Free-to-paid conversion went from 3.1% to 4.8%. The feature gate was the biggest driver — conditional logic turned out to be the thing that separated casual users from serious ones. Users who tried to add a condition and hit the paywall converted at 22%.

San Francisco, May 7, 2026

Here's where we are now, two years into the PLG motion. The numbers I would have put on a pitch deck slide:

Free signups: 8,200/month. Activation rate: 41%. Free-to-paid conversion: 4.8%. Average time from signup to first payment: 34 days. Paid customer retention at twelve months: 88%. Net revenue retention: 112%.

Those are good numbers. PLG is working. The flywheel is — to use a word I hate — spinning.

Here are the numbers I wouldn't put on the slide:

Total investment in PLG over two years: approximately $1.4 million in engineering, design, and analytics time. Onboarding rewrites: four. A/B tests run on the free-to-paid conversion flow: 67. Tests that produced statistically significant results: 11. Tests where the "winning" variant turned out to be a local maximum that we later had to unwind: 3.

We employ two full-time people whose entire job is optimizing the free-to-paid funnel. Their Slack channel, #plg-experiments, has 4,300 messages.
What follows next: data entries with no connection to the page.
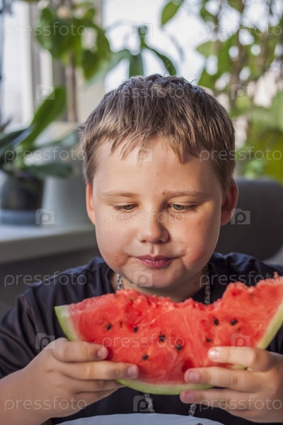 Милый мальчик ест арбуз дома. Настоящие эмоции без позирования
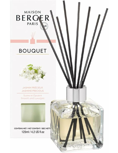 Maison Berger - Bouquet Parfumé Jasmin Précieux - Diffuseur Parfum Maison + 8 Bâtonnets - Diffusion Longue Durée, Douce Et Continue - 125Ml
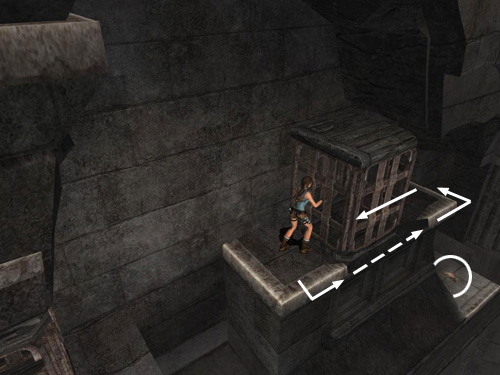 Pull the first metal box as far as it will go. You may have to ease it out gradually to keep it from sliding back. Hang from the edge so Lara's back is toward the open room. Climb to the right and jump past the gap in the ledge to grab on the other side. Climb around to the right and drop down near a small medipack. Return the way you came to the end of the fallen column between the two metal boxes.
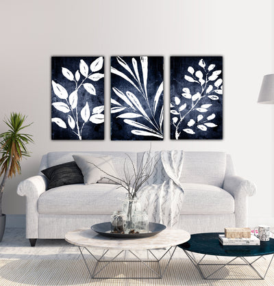 Our Gallery Wrapped Botanical Leaves and Branches on Canvas make a great addition to your walls for a clean, simplistic touch of nature. Prints are available in sizes from 14 to 30 inches wide! Choose an individual print or a set up to 6. Available in contemporary farmhouse colors with white on Indigo Blue or Black backgrounds; Black option has a touch of taupe in background. Custom colors are available by request.
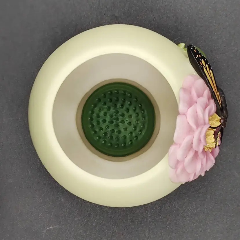 Vintage 1190 Ceramic Monarch Butterfly With Zinna Flower Frog Planter Hand Painted height 3" x diameter 4". Made in China
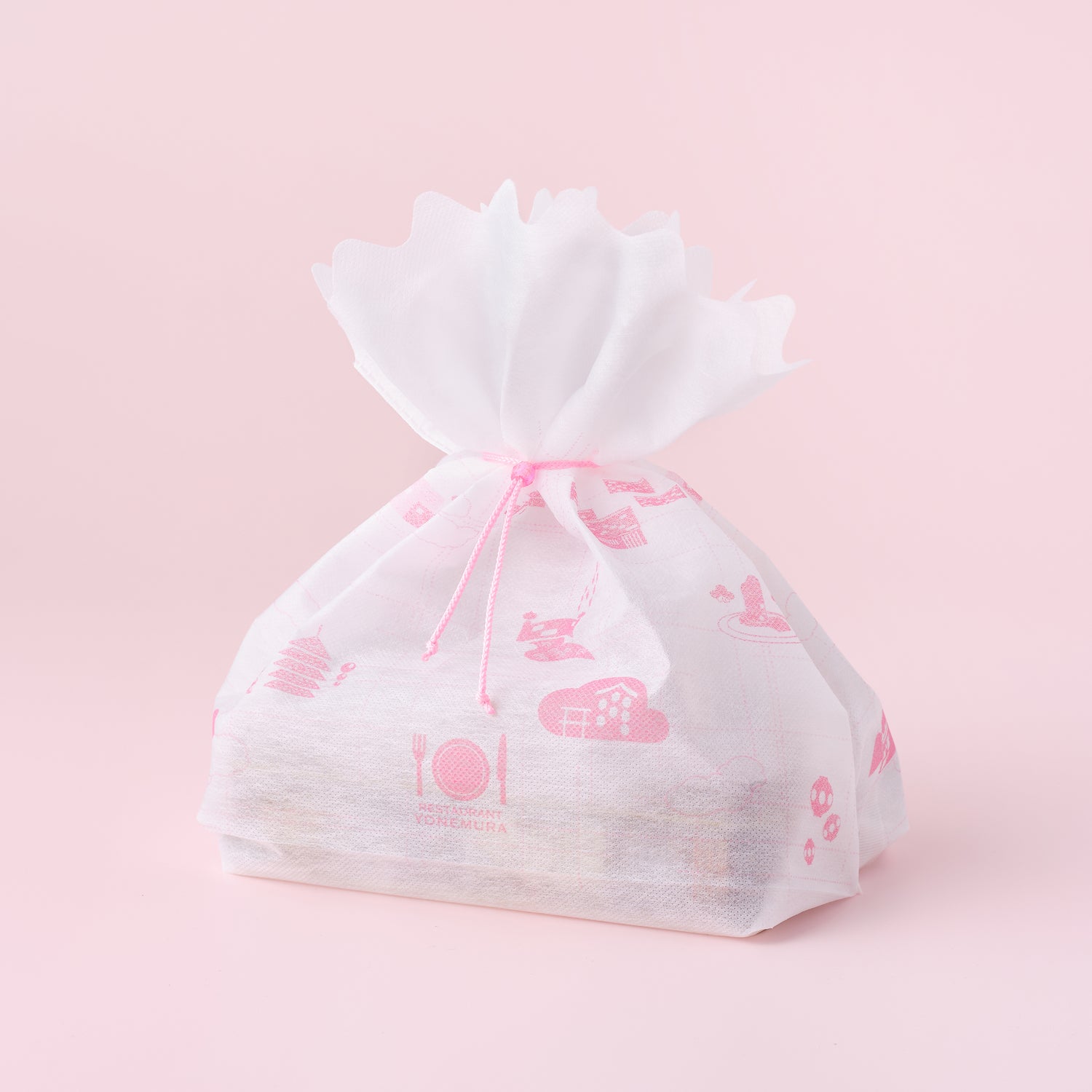 ご贈答用にご好評をいただいております「よねむらオリジナルクッキー」専用の巾着袋。京都の名所をイメージしたイラストを施した、贈るキモチまでていねいに包みこむ、やさしい雰囲気のデザインです。
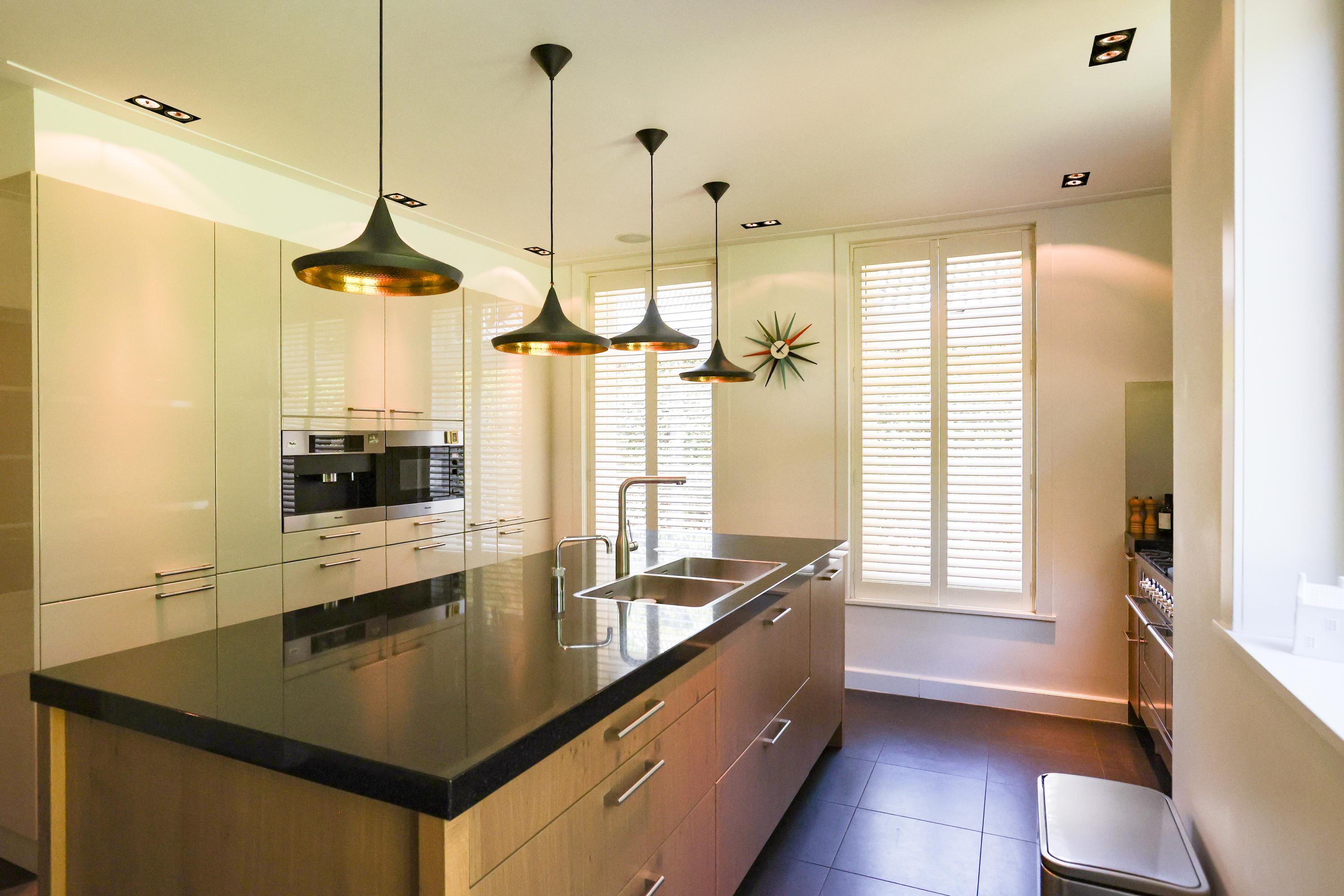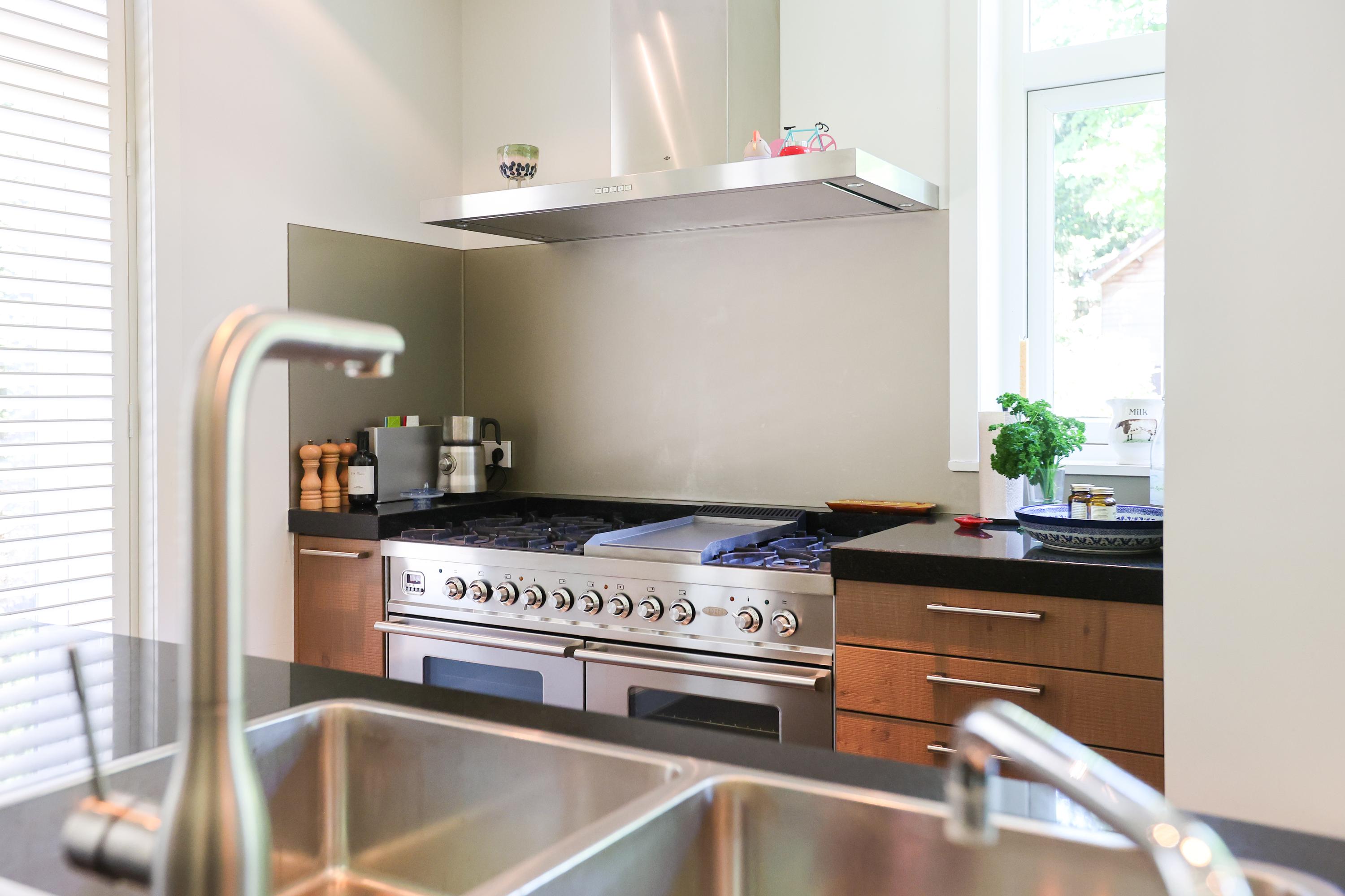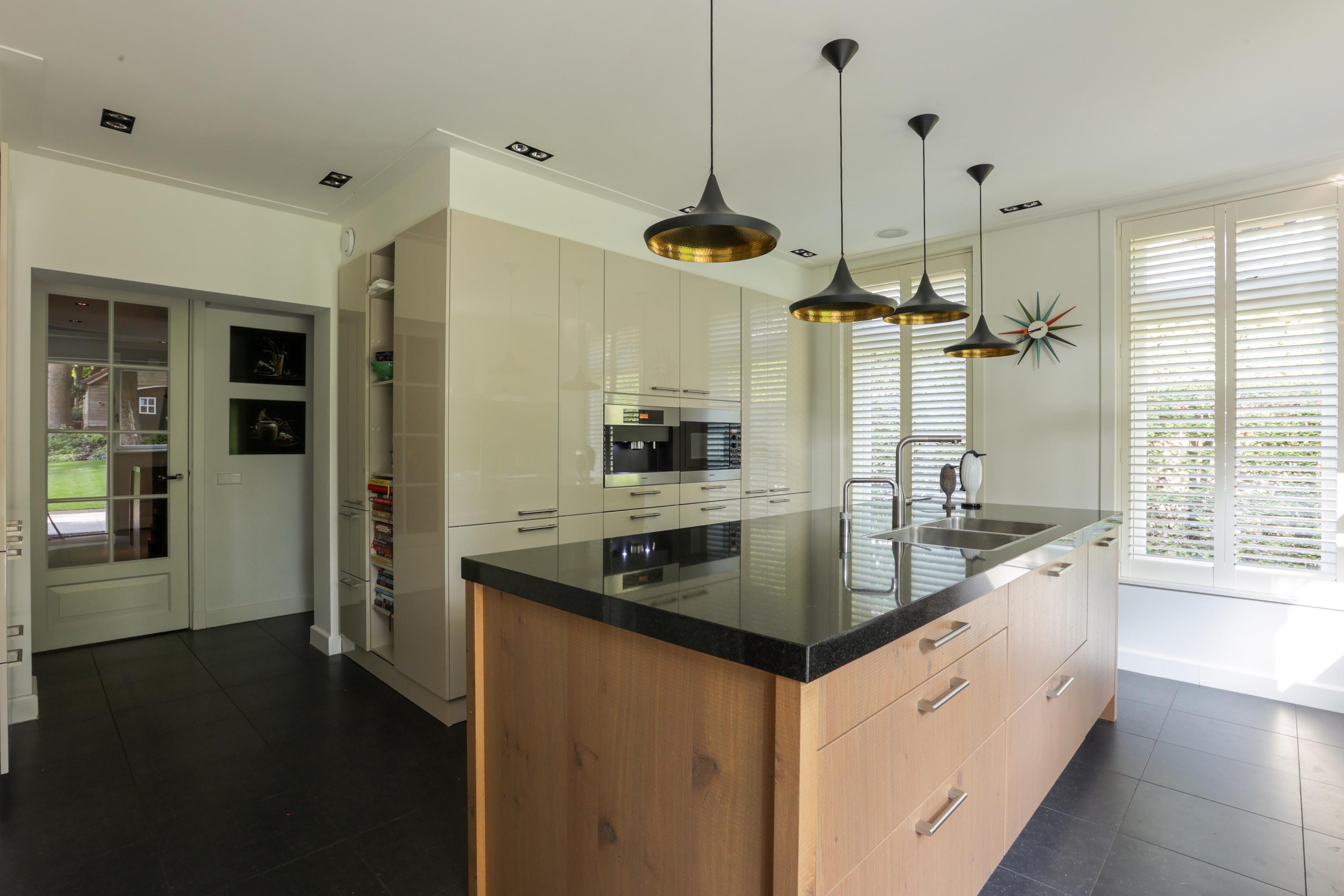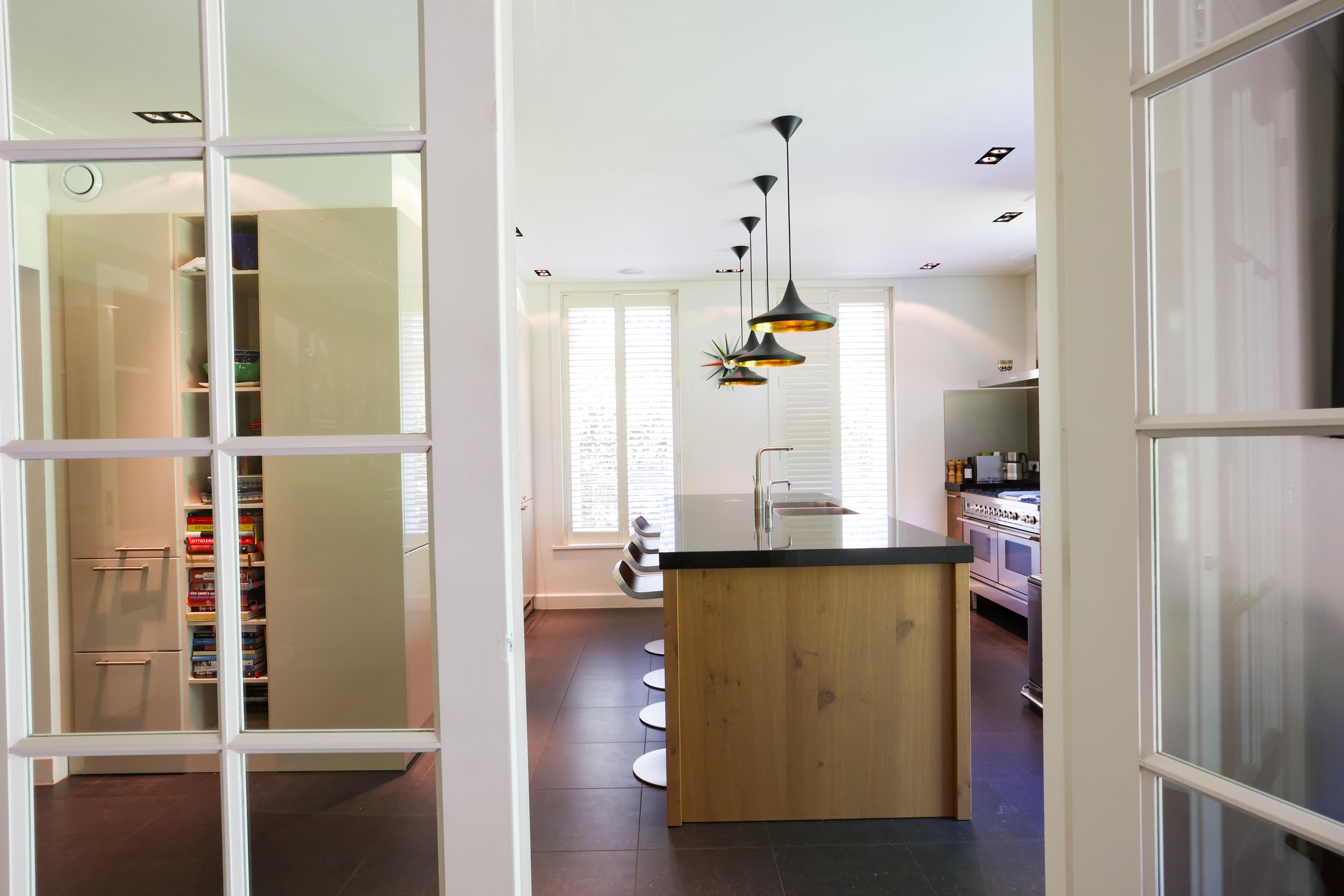De royale hal biedt toegang tot een gastentoilet, praktische bij/waskeuken en een verrassend compleet souterrain met logeerkamer, bergruimte én een eigen wijngedeelte. De woonkamer is meer dan sfeervol, een prachtige parketvloer, ruim en voorzien van open haard. Via de en suite eetkamer ook met dezelfde parketvloer (en zie ook de impressie hoe de eetkamer eruit ziet met een lichtstraat), bereik je de moderne lichte woonkeuken, voorzien van alle denkbare inbouwapparatuur. Vanuit de keuken en eetkamer is er direct contact met het terras en de tuin – koken met uitzicht, noemen we dat.
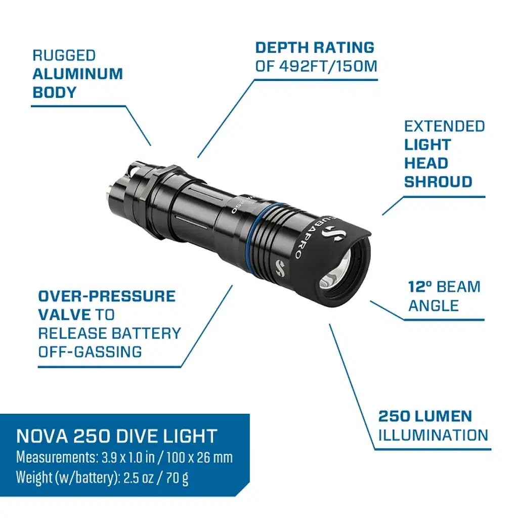 Yeni SCUBAPRO Nova 250, en küçük BCD cebine sığabilecek çok yönlü bir dalış lambasıdır. Üç modu vardır: %100 güç, %50 güç ve flaş modu. Ayrıca, bataryadan çıkan gazı serbest bırakan bir aşırı basınç valfi ile donatılmıştır, bu da onu piyasadaki en güvenli küçük lamba yapar. 250 lümen aydınlatma sağlar ve CR123 pil ile çalışır (şarj edilebilir veya tek kullanımlık). Tek kullanımlık CR123 pilin raf ömrü 10 yıla kadar olduğu için, kış boyunca BCD cebinde bırakmanız halinde endişelenmenize gerek yoktur.

If you scroll through it, you'll find more failed hypotheses than successful ones. You'll find arguments about statistical significance thresholds. You'll find a thread from October 2024 where I wrote, at 11 p.m., "I genuinely don't know if PLG is working or if we're just getting better at measuring our own delusion."

Product-led growth works. I believe that now, with evidence, in a way I didn't when we started. But it works the way losing weight works: slowly, painfully, with constant effort, and with no single moment where you can point and say "that's when it happened." It's a thousand small optimizations compounding over years.

If someone shows you a flywheel diagram and tells you the product sells itself, ask them three questions: What's your activation rate? How many times did you rewrite your onboarding? And how much did it cost?

If they can answer all three, they've done the work. If they can't, they're selling you a slide deck.